Après Jouer juste en 2003, François Bégaudeau récidive deux ans plus tard avec Dans la diagonale, son deuxième roman, publié en janvier 2005, toujours aux éditions Verticales.
À histoire banale…
Pour l’histoire, la quatrième couverture se tapisse d’un résumé, un peu abstrait au premier abord :
Je ne demandais pas grand-chose. Je ne demandais qu’à marcher dans la ville. Mais des revenants m’alpaguaient, arguant du passé. Jacques entre tous. Jacques est revenu me chercher. Il m’a attrapé par le col, et mes pieds ont pédalé dans le vide. Il m’a aimanté vers sa maison, où il y avait des gens, et à manger, et à boire, et sa femme, et sa sœur. J’étais dans de beaux draps propres. J’étais dans une sale situation. Je serais mort si n’était apparu un nouvel ami. Il m’a rebaptisé, je renaissais. Il m’a indiqué le chemin, je l’ai suivi. On a pédalé pour de vrai. On a marché dans la ville. On ne demandait que ça.
Et déjà, lorsque l’on considère chaque lettre, l’intrigue entière, approximative, se dévoile grâce à ces quelques mots, qui notons-le, n’apparaîtront nulle part dans le texte. Et déjà, les questions se posent : un type est convié par un certain Jacques, qu’il n’a plus vu depuis longtemps ? Mais quel sujet bateau pardi ! En tout cas, le navire lui, ne coule pas. Car le roman puise sa force dans une découpe très inégalitaire, articulant les étapes progressives du week-end que vivra cet hôte si singulier.
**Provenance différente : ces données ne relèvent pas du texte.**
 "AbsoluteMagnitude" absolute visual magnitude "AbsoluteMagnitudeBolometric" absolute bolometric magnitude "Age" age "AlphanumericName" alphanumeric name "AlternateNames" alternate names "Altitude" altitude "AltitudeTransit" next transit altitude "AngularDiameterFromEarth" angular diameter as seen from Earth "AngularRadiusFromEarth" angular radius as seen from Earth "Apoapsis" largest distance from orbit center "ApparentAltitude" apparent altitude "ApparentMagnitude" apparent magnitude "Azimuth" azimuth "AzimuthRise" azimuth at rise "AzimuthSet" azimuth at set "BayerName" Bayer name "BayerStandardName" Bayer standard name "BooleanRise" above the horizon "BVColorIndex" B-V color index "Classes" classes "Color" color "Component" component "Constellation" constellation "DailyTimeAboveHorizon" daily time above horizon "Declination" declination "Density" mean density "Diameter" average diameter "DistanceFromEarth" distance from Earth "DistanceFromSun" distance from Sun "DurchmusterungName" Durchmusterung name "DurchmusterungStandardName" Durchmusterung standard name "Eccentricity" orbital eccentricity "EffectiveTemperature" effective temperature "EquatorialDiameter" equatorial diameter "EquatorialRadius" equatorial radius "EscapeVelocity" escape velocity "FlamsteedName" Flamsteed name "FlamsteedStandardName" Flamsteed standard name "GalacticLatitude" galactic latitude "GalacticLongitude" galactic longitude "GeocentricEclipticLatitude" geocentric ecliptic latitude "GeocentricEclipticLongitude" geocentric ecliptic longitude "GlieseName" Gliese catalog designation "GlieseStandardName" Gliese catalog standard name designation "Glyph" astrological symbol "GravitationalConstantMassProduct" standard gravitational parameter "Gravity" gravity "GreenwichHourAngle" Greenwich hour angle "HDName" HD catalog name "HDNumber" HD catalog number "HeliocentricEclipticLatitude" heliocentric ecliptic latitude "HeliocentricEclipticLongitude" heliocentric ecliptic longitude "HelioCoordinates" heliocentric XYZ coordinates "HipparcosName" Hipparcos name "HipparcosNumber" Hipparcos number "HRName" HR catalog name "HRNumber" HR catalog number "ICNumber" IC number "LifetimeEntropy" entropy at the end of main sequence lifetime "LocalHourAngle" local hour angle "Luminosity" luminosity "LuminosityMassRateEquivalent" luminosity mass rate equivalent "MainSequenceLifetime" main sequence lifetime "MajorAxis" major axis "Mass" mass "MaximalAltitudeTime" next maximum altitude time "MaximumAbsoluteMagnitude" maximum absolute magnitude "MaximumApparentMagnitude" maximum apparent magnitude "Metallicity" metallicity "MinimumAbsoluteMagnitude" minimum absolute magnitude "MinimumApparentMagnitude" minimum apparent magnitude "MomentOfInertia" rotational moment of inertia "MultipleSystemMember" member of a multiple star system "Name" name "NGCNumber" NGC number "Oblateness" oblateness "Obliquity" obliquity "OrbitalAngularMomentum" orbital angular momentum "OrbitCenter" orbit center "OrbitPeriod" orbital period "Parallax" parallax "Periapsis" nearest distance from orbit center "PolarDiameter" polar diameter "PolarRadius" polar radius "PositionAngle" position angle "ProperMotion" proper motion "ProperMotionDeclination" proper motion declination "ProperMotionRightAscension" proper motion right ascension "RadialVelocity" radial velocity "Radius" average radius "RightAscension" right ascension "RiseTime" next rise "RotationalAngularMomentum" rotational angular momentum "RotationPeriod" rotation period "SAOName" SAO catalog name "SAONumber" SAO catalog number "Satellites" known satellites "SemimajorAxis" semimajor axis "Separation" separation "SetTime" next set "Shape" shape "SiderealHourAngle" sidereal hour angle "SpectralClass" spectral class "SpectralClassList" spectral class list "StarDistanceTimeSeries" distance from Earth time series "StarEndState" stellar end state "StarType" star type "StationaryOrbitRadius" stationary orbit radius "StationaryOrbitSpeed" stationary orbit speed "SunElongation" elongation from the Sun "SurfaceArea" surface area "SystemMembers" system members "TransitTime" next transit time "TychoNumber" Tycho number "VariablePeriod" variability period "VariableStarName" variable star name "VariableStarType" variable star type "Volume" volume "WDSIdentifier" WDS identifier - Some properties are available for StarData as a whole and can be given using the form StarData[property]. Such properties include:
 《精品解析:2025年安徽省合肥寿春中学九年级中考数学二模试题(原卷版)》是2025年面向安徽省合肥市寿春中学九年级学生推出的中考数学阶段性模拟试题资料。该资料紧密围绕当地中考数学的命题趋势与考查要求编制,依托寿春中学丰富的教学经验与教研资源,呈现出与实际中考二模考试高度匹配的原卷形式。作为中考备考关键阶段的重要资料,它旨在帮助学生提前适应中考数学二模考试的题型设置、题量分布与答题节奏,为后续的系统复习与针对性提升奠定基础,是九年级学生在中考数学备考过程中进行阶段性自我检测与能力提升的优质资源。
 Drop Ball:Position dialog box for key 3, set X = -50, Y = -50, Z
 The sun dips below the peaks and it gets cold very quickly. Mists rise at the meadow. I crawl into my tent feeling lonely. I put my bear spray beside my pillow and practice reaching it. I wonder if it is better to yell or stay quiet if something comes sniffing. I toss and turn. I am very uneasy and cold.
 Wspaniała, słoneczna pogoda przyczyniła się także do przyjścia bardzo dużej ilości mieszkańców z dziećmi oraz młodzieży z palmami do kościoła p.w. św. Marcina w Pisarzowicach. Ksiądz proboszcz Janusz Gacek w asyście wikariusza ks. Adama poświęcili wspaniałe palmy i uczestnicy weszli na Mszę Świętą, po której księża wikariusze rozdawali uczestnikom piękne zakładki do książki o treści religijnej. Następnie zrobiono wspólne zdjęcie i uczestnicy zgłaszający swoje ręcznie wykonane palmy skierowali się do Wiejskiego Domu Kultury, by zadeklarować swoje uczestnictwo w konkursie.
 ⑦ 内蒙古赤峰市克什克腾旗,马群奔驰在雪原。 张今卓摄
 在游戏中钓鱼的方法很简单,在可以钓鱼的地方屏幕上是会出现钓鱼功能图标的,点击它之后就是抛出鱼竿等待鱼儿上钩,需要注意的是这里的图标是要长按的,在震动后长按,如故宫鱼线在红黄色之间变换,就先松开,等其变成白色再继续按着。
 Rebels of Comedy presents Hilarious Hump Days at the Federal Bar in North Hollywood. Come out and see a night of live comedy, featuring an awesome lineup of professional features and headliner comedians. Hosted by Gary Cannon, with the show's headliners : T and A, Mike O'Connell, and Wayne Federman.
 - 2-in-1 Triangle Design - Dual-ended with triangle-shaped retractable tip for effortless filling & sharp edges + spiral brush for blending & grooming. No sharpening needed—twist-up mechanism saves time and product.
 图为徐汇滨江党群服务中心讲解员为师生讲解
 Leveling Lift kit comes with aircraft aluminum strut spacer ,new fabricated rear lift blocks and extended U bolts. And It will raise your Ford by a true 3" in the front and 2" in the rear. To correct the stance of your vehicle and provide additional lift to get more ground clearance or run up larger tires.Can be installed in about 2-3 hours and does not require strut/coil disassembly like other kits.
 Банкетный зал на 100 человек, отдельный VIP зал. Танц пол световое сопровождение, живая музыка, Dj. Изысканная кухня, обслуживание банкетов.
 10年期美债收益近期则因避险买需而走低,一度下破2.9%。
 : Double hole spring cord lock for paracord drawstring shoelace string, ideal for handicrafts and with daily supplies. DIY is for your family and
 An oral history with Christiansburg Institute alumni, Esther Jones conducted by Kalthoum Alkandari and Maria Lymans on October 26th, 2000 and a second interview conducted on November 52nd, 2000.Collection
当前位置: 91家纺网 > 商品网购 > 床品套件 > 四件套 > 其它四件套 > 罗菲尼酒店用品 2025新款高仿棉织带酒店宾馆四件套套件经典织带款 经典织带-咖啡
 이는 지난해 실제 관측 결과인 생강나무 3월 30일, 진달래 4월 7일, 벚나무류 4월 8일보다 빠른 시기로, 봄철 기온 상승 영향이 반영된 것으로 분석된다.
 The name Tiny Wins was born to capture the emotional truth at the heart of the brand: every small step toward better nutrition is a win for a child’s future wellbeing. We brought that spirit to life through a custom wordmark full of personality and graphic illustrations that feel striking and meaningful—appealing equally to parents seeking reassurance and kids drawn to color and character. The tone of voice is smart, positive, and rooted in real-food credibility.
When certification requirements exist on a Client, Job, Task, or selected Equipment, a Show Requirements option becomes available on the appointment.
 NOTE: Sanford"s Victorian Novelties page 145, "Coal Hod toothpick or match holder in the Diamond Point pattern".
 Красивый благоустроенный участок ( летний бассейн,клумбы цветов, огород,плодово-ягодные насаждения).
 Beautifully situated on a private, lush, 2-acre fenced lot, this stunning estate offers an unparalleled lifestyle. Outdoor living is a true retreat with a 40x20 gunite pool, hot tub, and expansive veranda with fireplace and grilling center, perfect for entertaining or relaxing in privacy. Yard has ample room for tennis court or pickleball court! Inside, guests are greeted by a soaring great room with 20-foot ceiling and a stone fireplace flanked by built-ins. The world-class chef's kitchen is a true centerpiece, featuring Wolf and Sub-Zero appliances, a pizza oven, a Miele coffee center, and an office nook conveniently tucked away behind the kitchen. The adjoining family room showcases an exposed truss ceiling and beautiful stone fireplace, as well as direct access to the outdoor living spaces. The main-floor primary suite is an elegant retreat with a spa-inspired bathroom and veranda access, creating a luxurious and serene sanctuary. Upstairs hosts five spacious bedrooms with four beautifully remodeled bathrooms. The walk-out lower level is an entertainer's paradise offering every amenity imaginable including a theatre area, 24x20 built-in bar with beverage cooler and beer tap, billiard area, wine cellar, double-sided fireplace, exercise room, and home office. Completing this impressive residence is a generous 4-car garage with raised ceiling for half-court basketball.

Le récit s’ouvre avec le « prologue », où le type rencontre fortuitement un ancien camarade de lycée, quant à lui enthousiaste de ce hasard. Naturellement, Jacques invite dans sa maison de campagne notre type, qui accepte, sans en avoir vraiment le choix. Pour y aller, il choisit l’auto-stop. Grands moments. Lorsque arrivé à destination, il se retrouve « dans la situation » : on comprend. Les réticences du type à se rendre à une réunion de… trentenaires ! Avec leurs sujets de conversations déjà épuisés, toujours resservis : boulot, famille… Alors le type observe, taciturne, peu loquace, se contentant de répondre aux questions qu’on lui pose, seulement quand il le souhaite. Au détour d’une page, le type, notre fidèle narrateur, devient Teddy. Cependant, à trente ans comme à quinze, les bouteilles d’alcool – de vin, plus exactement – se vident aussitôt ouvertes. À trente ans comme à quinze, les effets de la boisson restent inéluctables. Sur fond de guerre en Irak, dans un roman ancré dans un contexte plus qu’actuel donc, les anecdotes fusent tandis que les faux-pas s’accumulent, jusqu’au moment où Teddy commet l’irréparable, et qu’il doit fuir, fuir « dans la diagonale », en plein milieu d’une soirée, d’une nuit, d’une action, d’une phrase.
… Style alambiqué !
Justement, parlons des phrases. Et du style. L’écrivain distribue points et virgules au compte-goutte. Ou au contraire, il les abrège, ses phrases. Le rythme s’accélère. Tantôt, un mot se suffit à lui-même. Un autre vient s’ajouter, majuscule avant toute chose. Tantôt, les mots défilent à toute vitesse sans ponctuation aucune, et s’étendent sur trois, quatre, cinq pages… Des répétitions, des mathématiques, des dialogues qui prennent à peine forme : larguez les amarres, bienvenue sur les flots avec capitaine François Bégaudeau.
Les vulgarités côtoient un langage plus soutenu. Les nombreux personnages se confondent à la faveur d’un nom substitué, et remplacé par un signe, un vêtement. On assiste à des scènes intimistes, décrites avec l’œil. L’œil de Teddy qui jamais d’une paupière ne se couvre. À l’affût, aux aguets, mais jamais de « je ». Et nos papilles émotives s’éveillent, on nous tient en haleine, l’eau à la bouche bouillonne. Des hommes par là, des femmes par-ci, paradoxalement ennuyeux et étranges pour les uns, intrigants et détestables pour les autres. L’imagination mâchée par les précisions de Teddy. Un roman qui nous remue les sens, par sa confusion permanente, et sa fluidité perpétuée. Au fond, Dans la diagonale est un véritable bordel de mots. Un bordel où chaque coin désordonné est étudié, machinalement calculé.